** WHAT TO PRODUCE **
Reproduce nothing but the lines from the start of the material through the line that includes "Czarno-biały koc Alexander", both ends included, and omit every picture.

** DATA SUPPLIED **
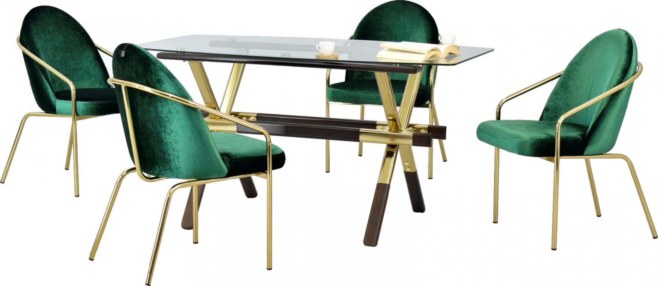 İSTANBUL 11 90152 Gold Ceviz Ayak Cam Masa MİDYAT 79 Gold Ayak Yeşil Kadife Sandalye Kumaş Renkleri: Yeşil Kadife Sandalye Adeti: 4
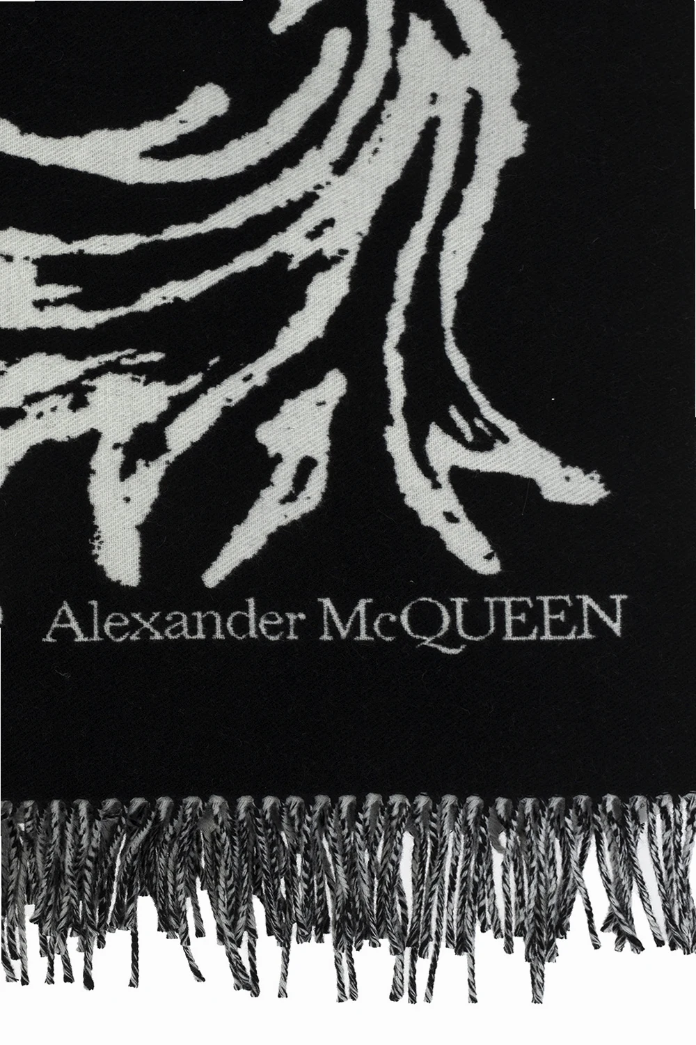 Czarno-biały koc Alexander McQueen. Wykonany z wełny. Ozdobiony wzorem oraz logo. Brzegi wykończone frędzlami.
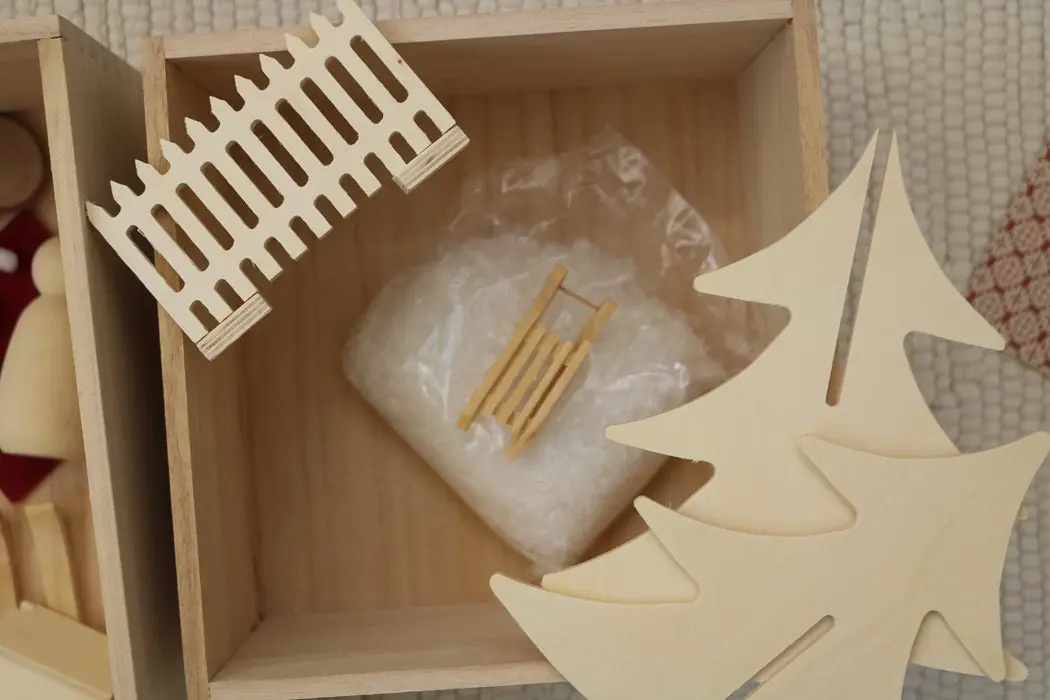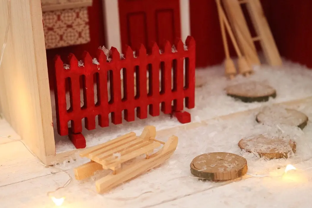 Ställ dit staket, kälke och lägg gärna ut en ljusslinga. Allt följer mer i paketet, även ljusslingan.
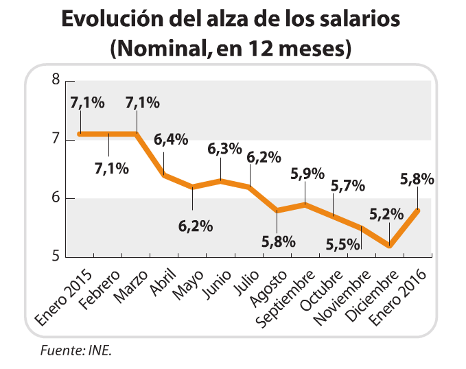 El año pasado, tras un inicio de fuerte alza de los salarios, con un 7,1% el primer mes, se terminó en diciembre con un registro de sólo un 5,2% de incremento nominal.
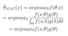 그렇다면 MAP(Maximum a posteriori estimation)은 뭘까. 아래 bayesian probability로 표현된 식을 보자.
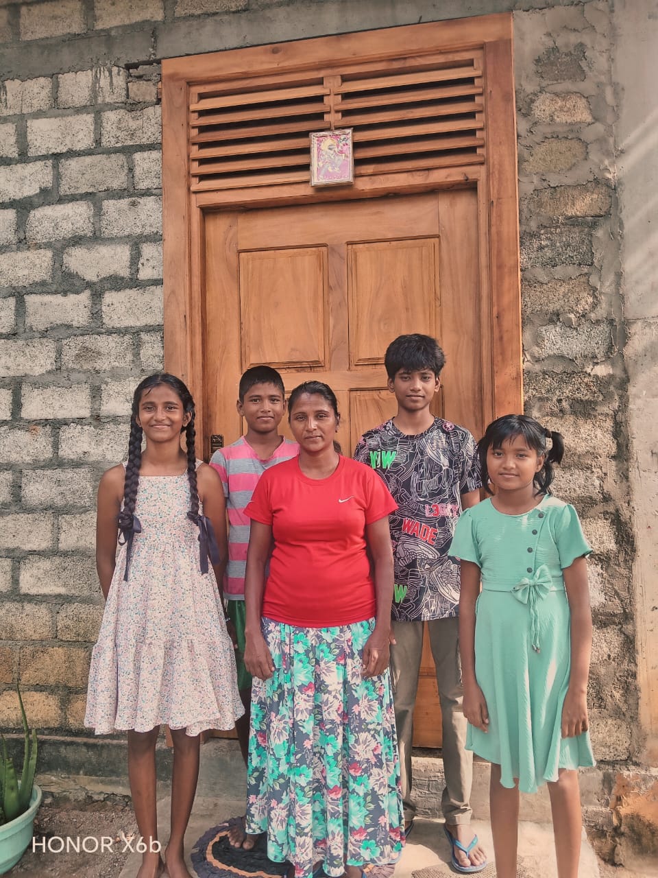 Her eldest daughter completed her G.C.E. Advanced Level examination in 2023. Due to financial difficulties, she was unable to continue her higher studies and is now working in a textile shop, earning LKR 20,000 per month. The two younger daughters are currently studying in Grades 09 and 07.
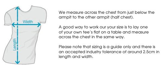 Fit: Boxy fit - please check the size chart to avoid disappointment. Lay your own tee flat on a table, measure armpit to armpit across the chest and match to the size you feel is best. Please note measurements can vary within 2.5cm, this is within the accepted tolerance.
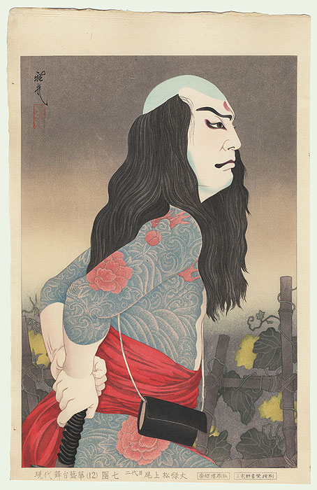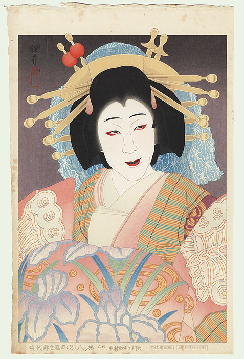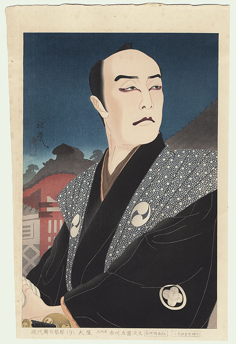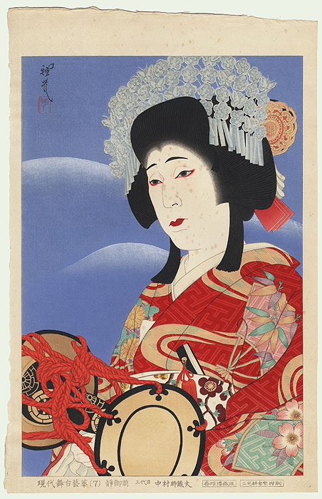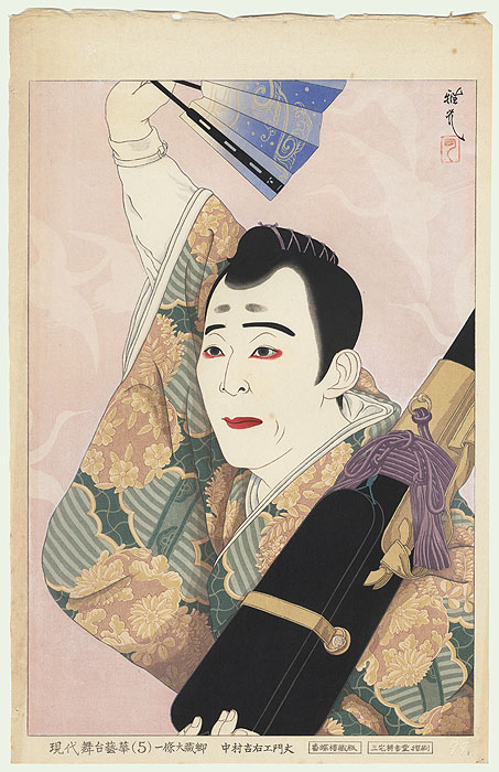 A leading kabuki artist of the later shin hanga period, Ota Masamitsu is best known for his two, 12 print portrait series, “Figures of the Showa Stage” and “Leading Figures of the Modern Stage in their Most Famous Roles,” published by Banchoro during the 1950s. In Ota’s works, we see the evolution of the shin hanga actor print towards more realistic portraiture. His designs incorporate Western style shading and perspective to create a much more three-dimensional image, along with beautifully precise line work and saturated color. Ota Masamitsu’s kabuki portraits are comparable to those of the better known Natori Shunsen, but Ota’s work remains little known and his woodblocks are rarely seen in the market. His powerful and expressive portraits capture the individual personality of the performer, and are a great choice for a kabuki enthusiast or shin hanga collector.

** ANSWER TO THIS EXERCISE **
 İSTANBUL 11 90152 Gold Ceviz Ayak Cam Masa MİDYAT 79 Gold Ayak Yeşil Kadife Sandalye Kumaş Renkleri: Yeşil Kadife Sandalye Adeti: 4
 Czarno-biały koc Alexander McQueen. Wykonany z wełny. Ozdobiony wzorem oraz logo. Brzegi wykończone frędzlami.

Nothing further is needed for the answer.